ESA studies impact of hibernating astronauts on space missions
Looking forward to the first manned Mars mission, ESA is delving into how astronaut hibernation would affect space missions. Based on sending six humans on a five-year mission to the Red Planet, the study suggests that using hibernation would allow the mass of the spacecraft to be reduced by a third, and the amount of consumables cut by roughly the same amount.
The idea of astronauts sleeping their way through a deep-space mission lasting months or years has been a staple plot device of science fiction since at least the 1930s and has featured in many movies as a way to speed up the story. Despite the chance of waking up to find one's self on a planet run by apes, it's an idea that is very attractive to real-life mission planners as a way to both reduce the supplies needed for lengthy missions and to keep the crew from going crazy.
The technology to actually make humans hibernate like bears or other mammals is still in its infancy, but that hasn't stopped ESA from looking at how hibernation could impact spacecraft designs and missions in general.
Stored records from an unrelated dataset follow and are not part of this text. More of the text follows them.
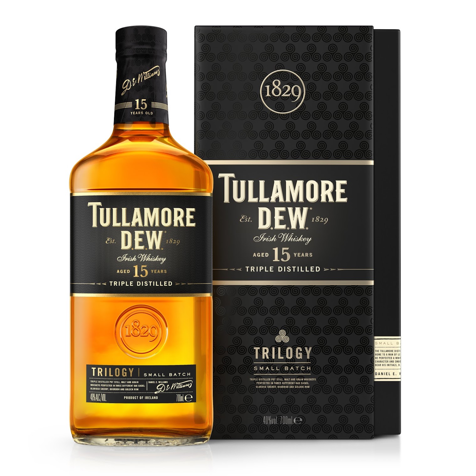 Tullamore DEW “Trilogy” 15 YO har sit navn fra de tre unikke processer, der sker i forbindelse med fremstillingen af whiskeyen: Destillation, blending og ældning i fin eg. Whiskeyen her laves ved at blande tre typer af tredobbelt-destilleret irsk whiskey: Pot still, malt og grain (hvilket naturligvis også bidrager til “Trilogy”-navnet). Whiskyens næse er rig, nøddeagtig og krydret med en snert af tropisk frugt. Paletten byder på en rig og kompleks kombination af frugt-, nødde- og kryddernoter. Whiskyen er både cremet og fyldig i sin krop. Eftersmagen er rig, lang og intens. Servér whiskyen helt for sig selv, over is eller med et par dråber vand i.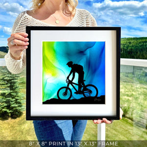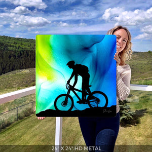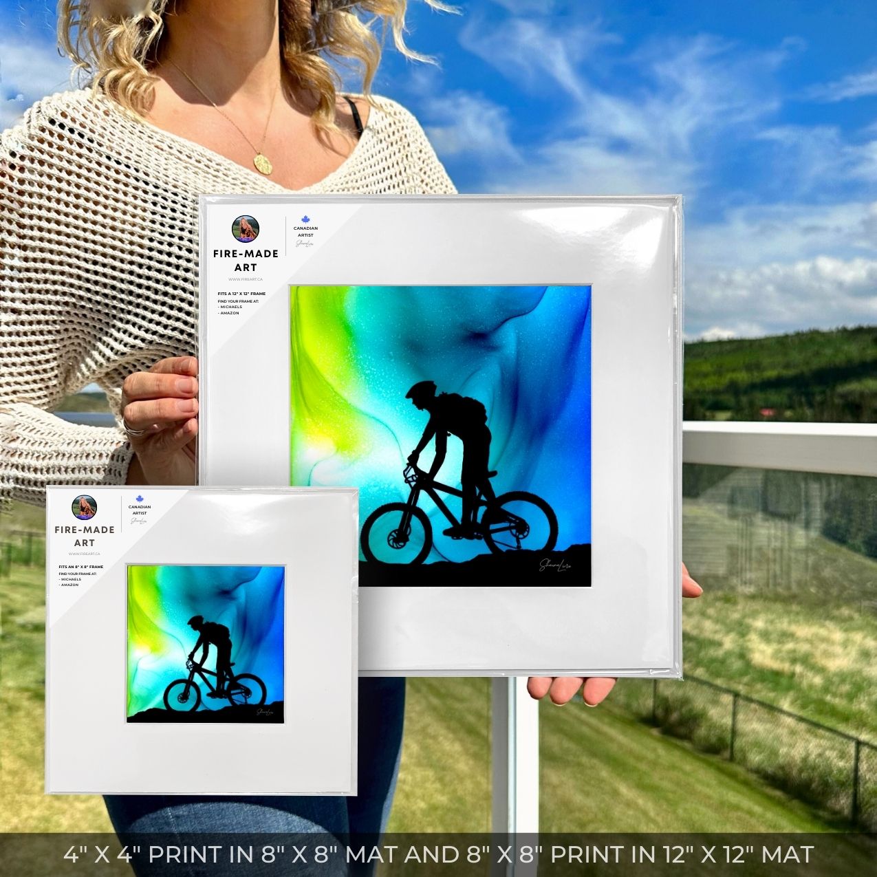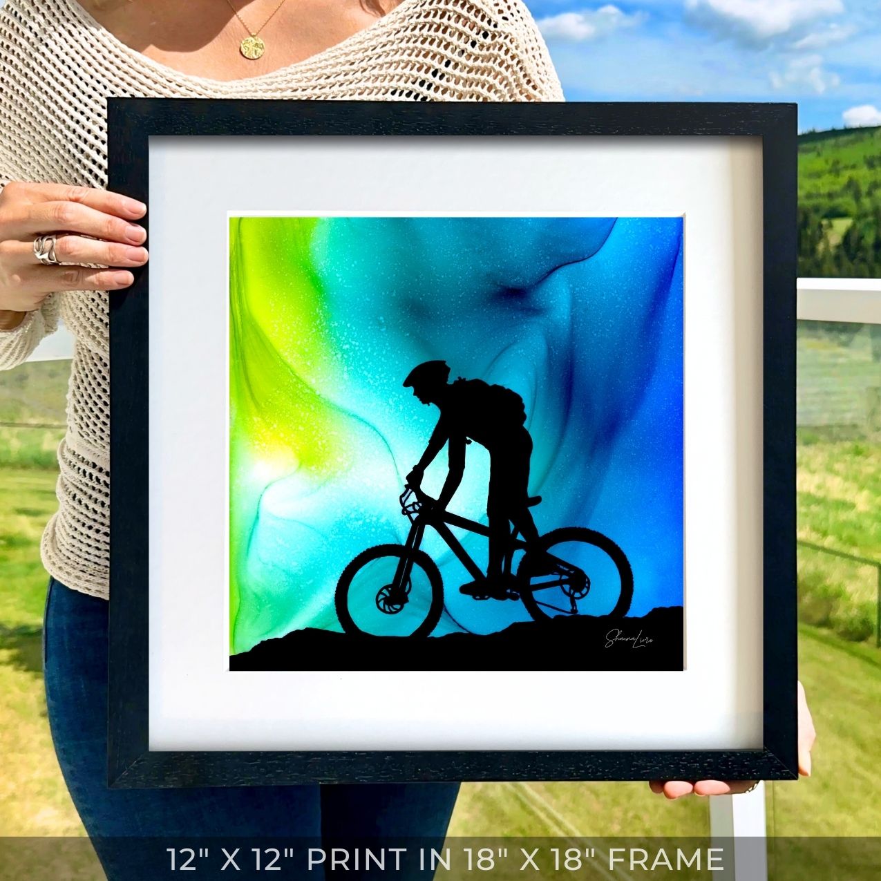 A dancing sky made with fire and ink embodies those jolts of adrenaline that course through you as you fly down the trail. You are in the moment, merged with your bike, blurring through a soul-stirring landscape as you create your own adventure.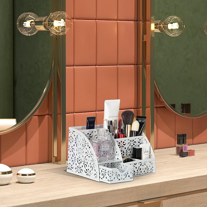 - Premium Metal Build: Made of metal with hollow flower patterns and anti-rust powder finished, this desk caddy combines elegance with functionality. Smoothed edges and a chip-resistant coating ensure long-lasting beauty.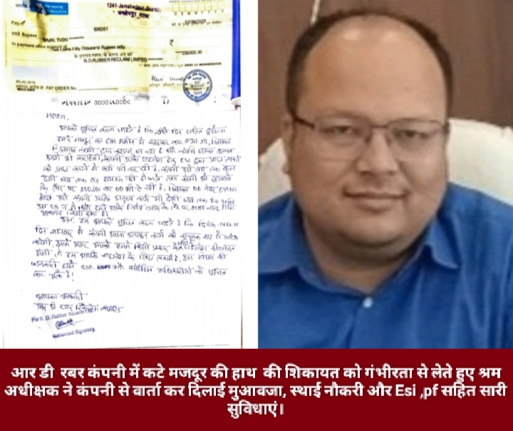 कंपनी द्वारा इस प्रकार से लिखकर दिया गया है। यह आपको सूचित करते हुए खेद हो रहा है कि बीते दिन एक दुर्भाग्यपूर्ण दुर्घटना में हमारी कंपनी के एक मजदूर का हाथ मशीन में फँस जाने के कारण गंभीर रूप से कट गया। कंपनी ने तत्क्षण उसका इलाज शुरू कराया और भविष्य में भी संपूर्ण चिकित्सा व्यय का वहन करेगी। साथ ही, कर्मचारी राज्य बीमा (ESI) योजना के अंतर्गत मिलने वाली सहायता प्राप्त करने की प्रक्रिया भी कंपनी द्वारा की जा रही है। कंपनी उस मजदूर को पूर्ण स्वस्थ होने तक नियमित वेतन देती रहेगी। इसके अतिरिक्त, मुआवजे के रूप में ₹2,50,000 (डीडी नंबर – 699261) की धनराशि प्रदान की जा रही है। कंपनी उसे उसकी शारीरिक स्थिति के अनुरूप कार्य भी प्रदान करेगी जब तक कि वह 58 वर्ष की आयु तक कार्यरत रह सके। इसके अतिरिक्त, उसकी तात्कालिक आवश्यकताओं को देखते हुए ₹25,000 की नगद सहायता पहले ही दी जा चुकी है। हम आपको सूचित करना चाहते हैं कि दिनांक 14.06.25, शनिवार से कंपनी अपने उत्पादन कार्य को पुनः सुचारु रूप से प्रारंभ करने जा रही है। यदि इसमें आपके किसी प्रकार के सहयोग की आवश्यकता होगी तो हम पूर्ण जांच में सहयोग के लिए तत्पर हैं। इस विषय में SDO सहित संबंधित अधिकारियों को सूचित किया जा चुका है।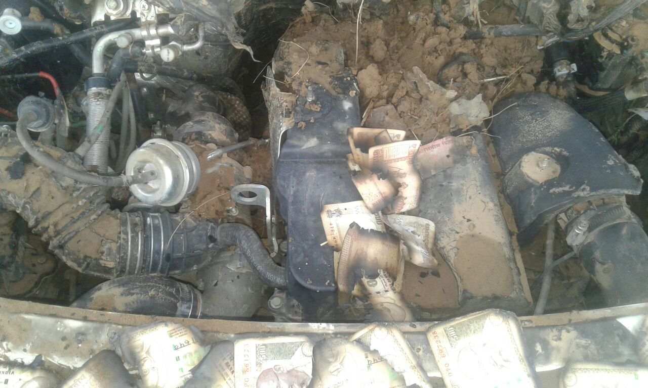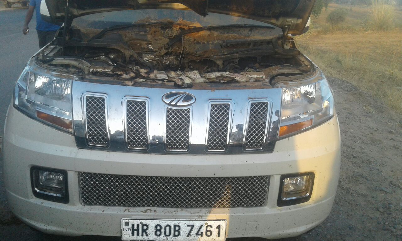 डोकवा रतनपुरा के बीच नेशनल हाईवे 65 से थानेदार अनिल बिश्नोई के पास फोन आया. कि साब यहां एक गाड़ी, महिंद्रा TUV300, नंबर HR B 7461 में आग लग गई है. उसके बोनट में जले हुए नोट हैं. थानेदार वहां पहुंचे तो अपनी आंखिन देखा. कि हजार और पनसउवा नोटों की गड्डियां जली पड़ी हैं. और नोट हवा में उड़ रहे हैं.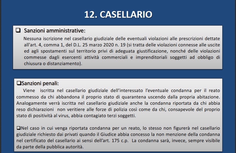 - SANZIONI PENALI IN CASO DI CONTAGIO A DANNO DI TERZI;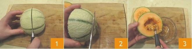 Pour préparer le melon farci de fruits et glace, commencez par couper chaque melon en deux 1. Coupez ensuite le sommet de chaque moitié 2, afin de créer une base pour celles qui seront vos coupes de melon. À l'aide d'une cuillère ou d'une cuillère parisienne, retirez les graines et les filaments du cœur du melon 3.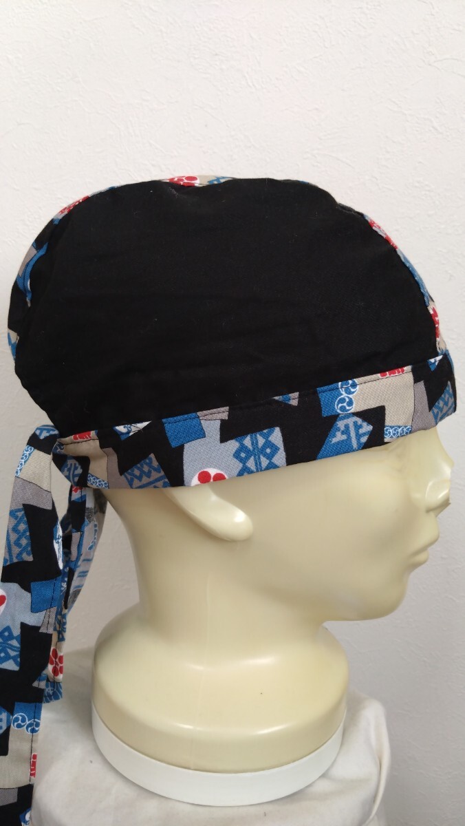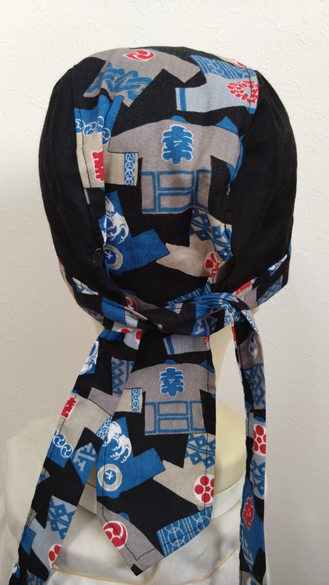 ★バンダナキャップ★ハンドメイド 和柄 祭り×無地 はっぴ 法被 黒

Originally, studied as part of the space agency's Basic Activities research, hibernation is regarded as a key enabling technology and now ESA's Concurrent Design Facility (CDF), along with scientists from the Ludwig Maximilian University of Munich and the University of Goethe, Frankfurt, are looking at the advantages that sleeping astronauts might bring to a Mars mission.
"We worked on adjusting the architecture of the spacecraft, its logistics, protection against radiation, power consumption and overall mission design," says Robin Biesbroek of the CDF. "We looked at how an astronaut team could be best put into hibernation, what to do in case of emergencies, how to handle human safety and even what impact hibernation would have on the psychology of the team. Finally, we created an initial sketch of the habitat architecture and created a roadmap to achieve a validated approach to hibernate humans to Mars within 20 years."
Hibernation would involve the astronauts bulking up like bears in the autumn in the run-up to the mission before being placed into individual sleeping pods on the craft that would double as living quarters after awakening. A still-hypothetical drug would induce the same state of torpor that many mammals enter naturally to sleep through winter and, like the animals, the astronauts would live off their extra body fat.
Meanwhile, the soft-shell pods would maintain a dark, cool environment to keep the crew in hibernation for the 180-day passage to and from Mars, followed by a 21-day recuperation phase. Though ESA says that the astronauts wouldn't experience bone or muscle loss, there would be a danger from cosmic radiation, so the quarters would need shielding from water tanks or other materials, but hibernation itself may provide some enhanced radiation protection in itself as evidenced by existing research.
In addition, while the crew is asleep, the craft would need a Hal 9000-like artificial intelligence to run the systems and conduct maintenance operations, so missions would need to be planned accordingly, with a focus on autonomous operations until crew members are revived.
"For a while now, hibernation has been proposed as a game-changing tool for human space travel," says SciSpacE Team Leader Jennifer Ngo-Anh. "If we were able to reduce an astronaut’s basic metabolic rate by 75 percent – similar to what we can observe in nature with large hibernating animals such as certain bears – we could end up with substantial mass and cost savings, making long-duration exploration missions more feasible.
"And the basic idea of putting astronauts into long-duration hibernation is actually not so crazy: a broadly comparable method has been tested and applied as therapy in critical care trauma patients and those due to undergo major surgeries for more than two decades. Most major medical centers have protocols for inducing hypothermia in patients to reduce their metabolism to basically gain time, keeping patients in a better shape than they otherwise would be.
"We aim to build on this in future, by researching the brain pathways that are activated or blocked during initiation of hibernation, starting with animals and proceeding to people."